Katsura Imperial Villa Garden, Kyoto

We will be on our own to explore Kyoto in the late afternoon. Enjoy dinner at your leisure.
....
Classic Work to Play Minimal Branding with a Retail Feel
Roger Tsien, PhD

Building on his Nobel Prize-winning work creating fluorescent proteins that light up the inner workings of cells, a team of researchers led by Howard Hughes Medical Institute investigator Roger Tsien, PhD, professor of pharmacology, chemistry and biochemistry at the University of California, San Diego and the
....
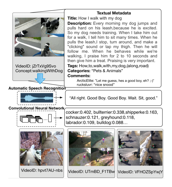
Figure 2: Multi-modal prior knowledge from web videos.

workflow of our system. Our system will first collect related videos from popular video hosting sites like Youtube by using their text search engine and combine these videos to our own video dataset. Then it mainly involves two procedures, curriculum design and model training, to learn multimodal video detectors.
....
■ **TASK**: Starting from the records above, copy each line where the string "Tsien" is found.

■ **YOUR RESPONSE**:
Roger Tsien, PhD
Building on his Nobel Prize-winning work creating fluorescent proteins that light up the inner workings of cells, a team of researchers led by Howard Hughes Medical Institute investigator Roger Tsien, PhD, professor of pharmacology, chemistry and biochemistry at the University of California, San Diego and the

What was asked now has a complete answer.